Im April 2021 hat sich die Basketball-Bundesliga ein neues Corporate Design und den Claim "Welcome to Wow" gegeben. (© BBL/Screenshot: aw)

“Die erste deutsche Profiliga, die auf ‘Cultural Marketing’ setzt”, so hieß es über die Basketball-Bundesliga im April 2021. Damals wurde bekannt, dass die Hip-Hop-Agentur The Ambition künftig für das Marketing der Liga verantwortlich ist. 

„Basketball ist Hip-Hop – und umgekehrt. Weltweit ist (wohl) kein Musikgenre derart mit einer Sportart verwoben”, sagt Lukas Robert. Er ist Leiter Verlagswesen und Digitales beim Basketball-Magazin BIG und seit vielen Jahren eine laute (und wo nötig kritische) Stimme im deutschen Basketball. Für die Verbindung der Liga mit dem Hip-Hop hat er wenig kritische Worte übrig. Der mit dem Hip-Hop-Marketing ins Leben gerufene Claim „Welcome to Wow” bündelt die Aktivitäten der Liga zum Thema. „Das ist gut und auch glaubwürdig”, sagt Robert. Doch die Corona-Pandemie habe die Liga ein Stück weit gebremst. 

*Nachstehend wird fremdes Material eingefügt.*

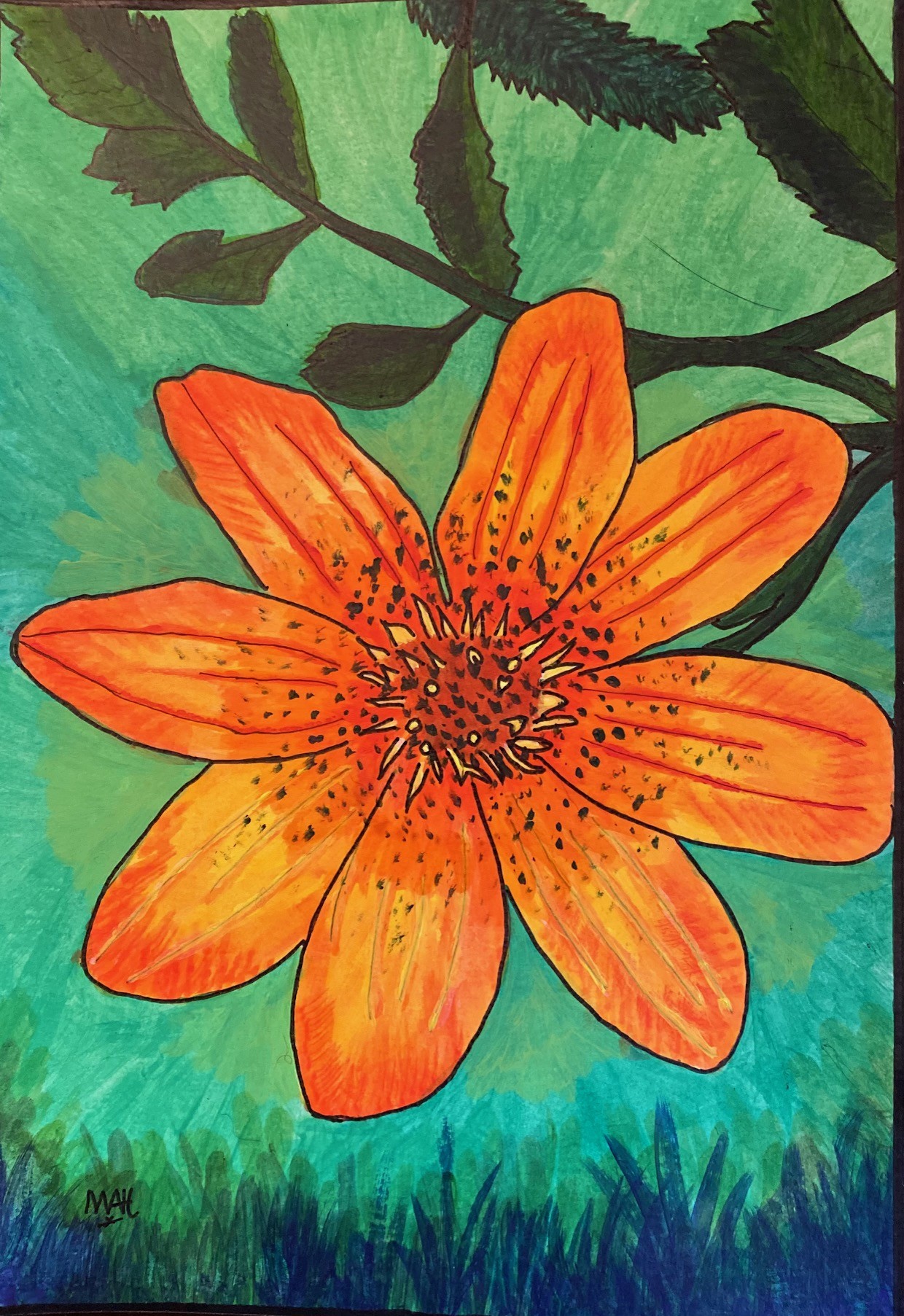 I’ve painted the Dahlia from my garden in acrylic and ink.

Mehr Medienpräsenz mit Springer-Streaming-Dienst DYN? 

Spannend wird dahingehend auch sein, wie sich die Bewegtbildpräsenz und -wahrnehmung der Liga entwickelt. Ab der Saison 2023/2024 hält der von Axel Springer mitfinanzierte Streaming-Anbieter DYN die Übertragungsrechte an der Liga. Experte Robert erklärt: „Die Liga (und ihre Klubs) haben sich Sporttainment zum Ziel gesetzt.” Vollumfänglich erfülle man das noch nicht: „Es steht und fällt mit dem (Personal-)Aufwand und der Positionierung der Klubs.” Der ist durchaus unterschiedlich. Positiv sieht er dabei größere Clubs wie Bayern München und die Telekom Baskets Bonn, aber auch eine eher kleinere Mannschaft wie die Hakro Merlins Crailsheim. Diese Clubs seien in „Modernität, Außenwirkung und Marketing sicher äußerst nah an der popkulturellen Entwicklung.” Es muss also gar nicht immer das große Budget sein, um die Strategie erfolgreich umzusetzen.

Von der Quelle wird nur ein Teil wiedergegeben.